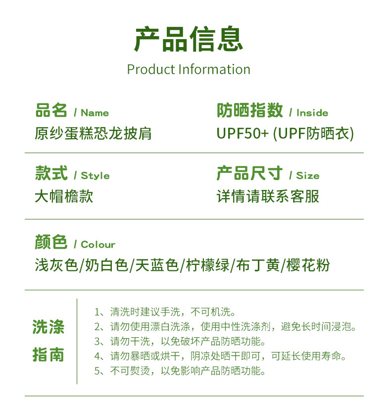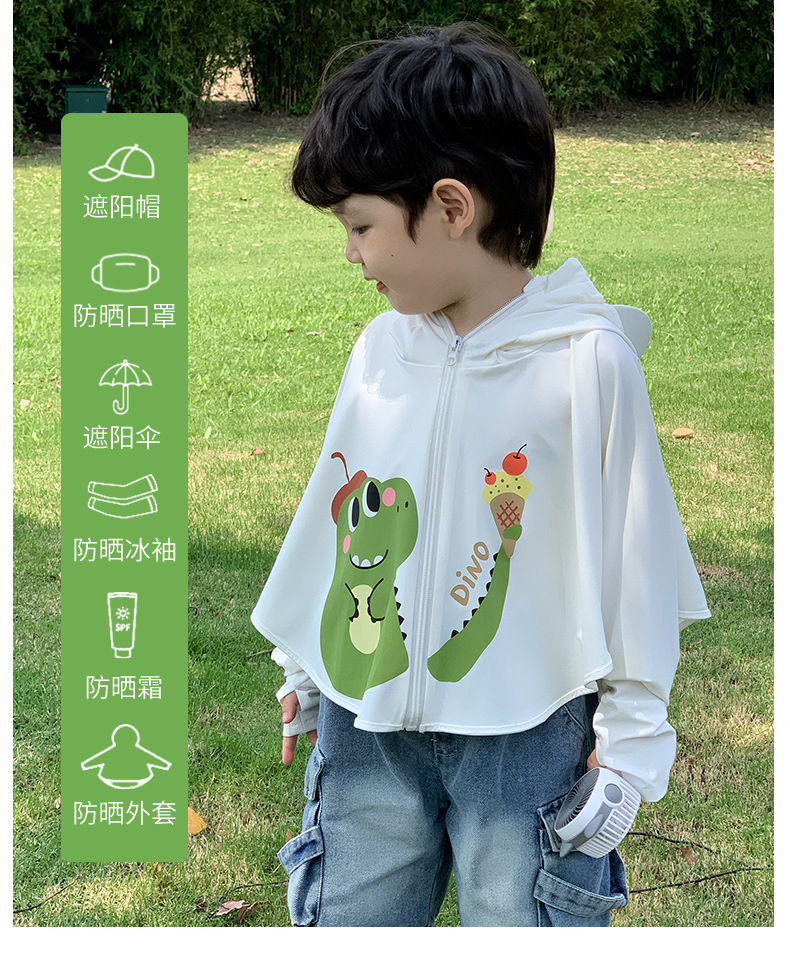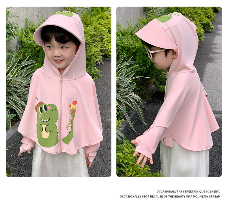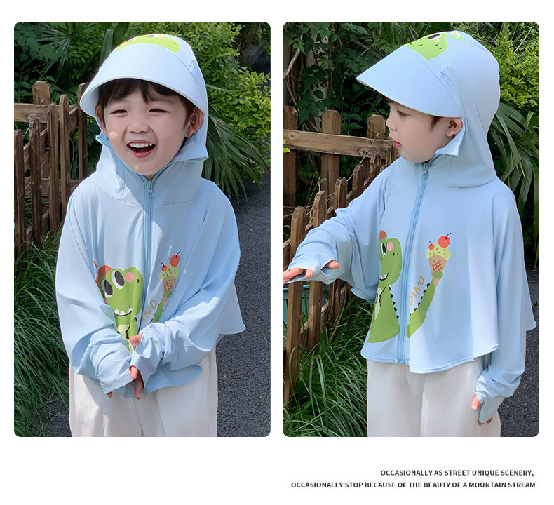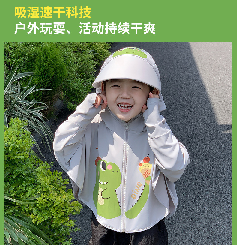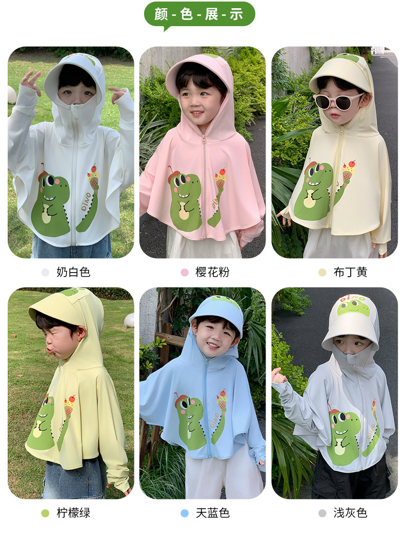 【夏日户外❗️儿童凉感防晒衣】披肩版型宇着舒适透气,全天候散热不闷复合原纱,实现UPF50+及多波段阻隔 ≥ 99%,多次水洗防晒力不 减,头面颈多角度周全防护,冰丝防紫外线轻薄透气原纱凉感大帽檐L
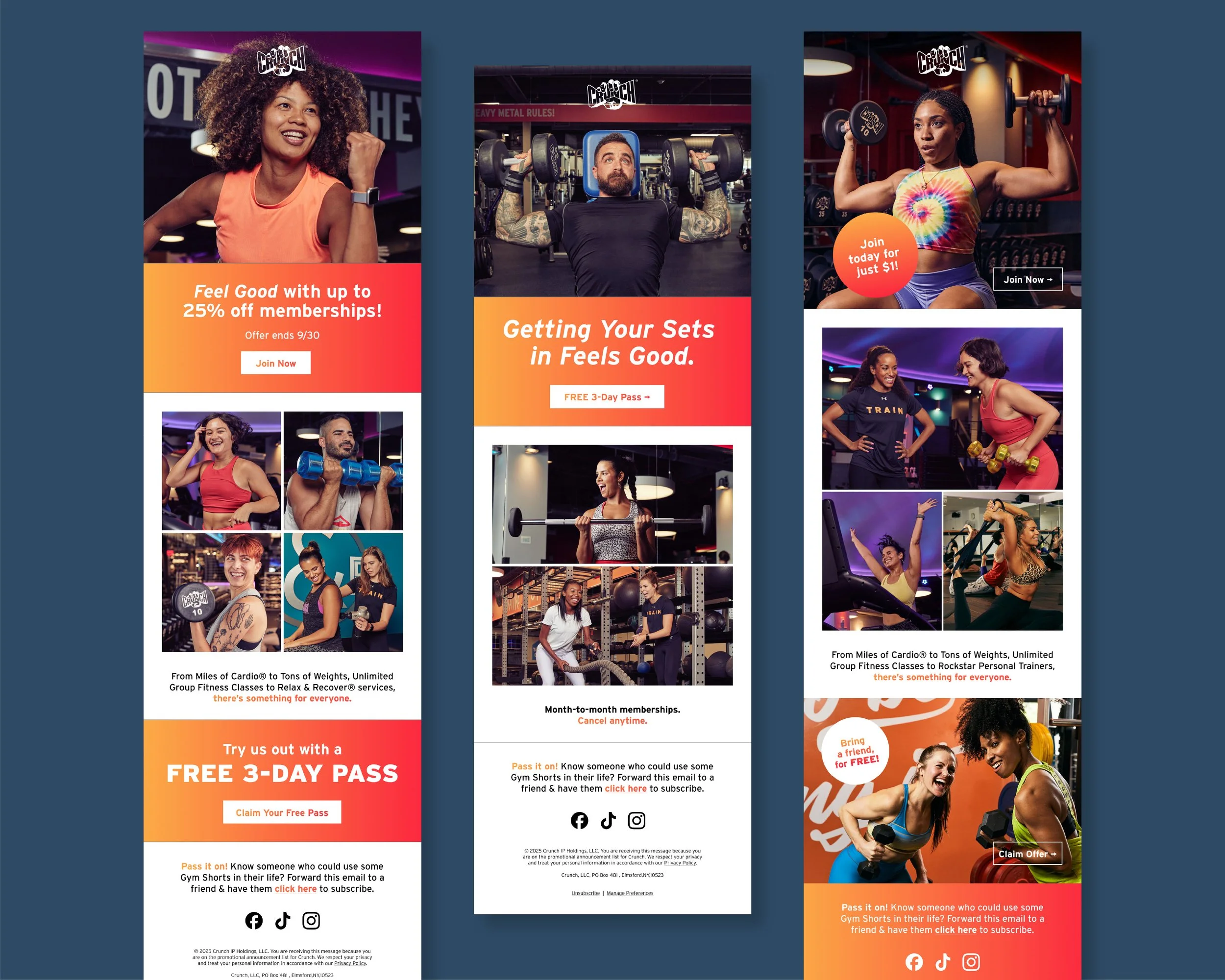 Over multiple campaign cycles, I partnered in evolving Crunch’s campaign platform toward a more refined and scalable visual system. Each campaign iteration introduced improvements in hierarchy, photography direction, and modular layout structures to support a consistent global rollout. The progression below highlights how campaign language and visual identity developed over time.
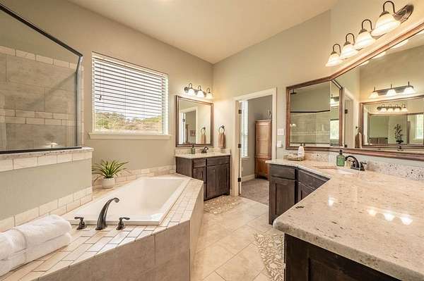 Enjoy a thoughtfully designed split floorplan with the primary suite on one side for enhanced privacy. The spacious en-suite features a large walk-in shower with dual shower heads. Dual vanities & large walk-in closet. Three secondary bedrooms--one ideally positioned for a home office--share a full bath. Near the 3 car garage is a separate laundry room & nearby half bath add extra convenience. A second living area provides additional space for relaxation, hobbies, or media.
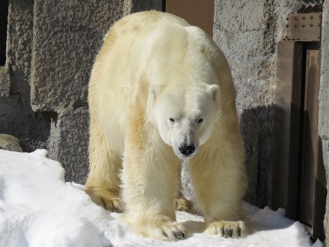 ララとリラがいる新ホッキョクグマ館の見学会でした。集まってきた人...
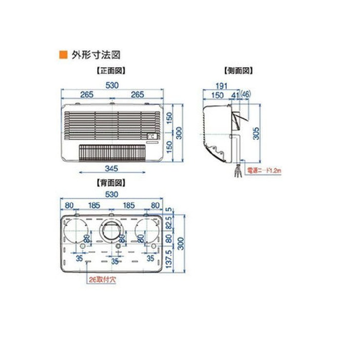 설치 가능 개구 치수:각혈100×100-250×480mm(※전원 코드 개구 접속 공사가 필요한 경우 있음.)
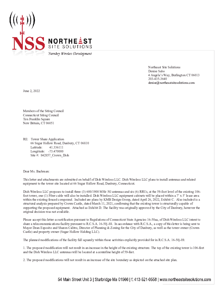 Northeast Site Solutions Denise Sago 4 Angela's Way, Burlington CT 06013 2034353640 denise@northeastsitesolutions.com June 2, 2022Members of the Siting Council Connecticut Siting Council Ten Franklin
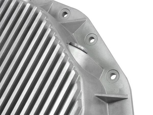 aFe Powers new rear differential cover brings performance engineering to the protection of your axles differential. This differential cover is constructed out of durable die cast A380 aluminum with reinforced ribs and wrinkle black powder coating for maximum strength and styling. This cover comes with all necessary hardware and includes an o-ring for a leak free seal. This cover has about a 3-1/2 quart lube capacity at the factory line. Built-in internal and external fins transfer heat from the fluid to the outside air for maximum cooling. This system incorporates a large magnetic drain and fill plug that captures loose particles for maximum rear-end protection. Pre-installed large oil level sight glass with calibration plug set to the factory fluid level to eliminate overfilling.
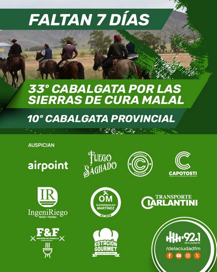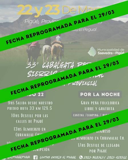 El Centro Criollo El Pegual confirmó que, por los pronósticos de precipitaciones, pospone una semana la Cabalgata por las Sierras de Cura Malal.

---

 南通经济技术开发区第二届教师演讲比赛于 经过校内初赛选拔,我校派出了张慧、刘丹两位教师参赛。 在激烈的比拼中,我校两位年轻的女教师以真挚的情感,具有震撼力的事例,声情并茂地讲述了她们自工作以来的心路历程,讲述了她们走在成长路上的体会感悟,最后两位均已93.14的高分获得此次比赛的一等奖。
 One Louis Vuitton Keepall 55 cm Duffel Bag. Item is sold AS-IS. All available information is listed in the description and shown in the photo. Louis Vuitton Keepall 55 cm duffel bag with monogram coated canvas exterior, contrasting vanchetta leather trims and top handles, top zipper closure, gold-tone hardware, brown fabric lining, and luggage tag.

== GOAL OF THE EXERCISE ==
Print nothing but the lines above starting with the line that contains "Northeast Site Solutions" and going on through the line that contains "El Centro Criollo". Leave out the pictures.

== SOLVED EXERCISE ==
 Northeast Site Solutions Denise Sago 4 Angela's Way, Burlington CT 06013 2034353640 denise@northeastsitesolutions.com June 2, 2022Members of the Siting Council Connecticut Siting Council Ten Franklin
 aFe Powers new rear differential cover brings performance engineering to the protection of your axles differential. This differential cover is constructed out of durable die cast A380 aluminum with reinforced ribs and wrinkle black powder coating for maximum strength and styling. This cover comes with all necessary hardware and includes an o-ring for a leak free seal. This cover has about a 3-1/2 quart lube capacity at the factory line. Built-in internal and external fins transfer heat from the fluid to the outside air for maximum cooling. This system incorporates a large magnetic drain and fill plug that captures loose particles for maximum rear-end protection. Pre-installed large oil level sight glass with calibration plug set to the factory fluid level to eliminate overfilling.
 El Centro Criollo El Pegual confirmó que, por los pronósticos de precipitaciones, pospone una semana la Cabalgata por las Sierras de Cura Malal.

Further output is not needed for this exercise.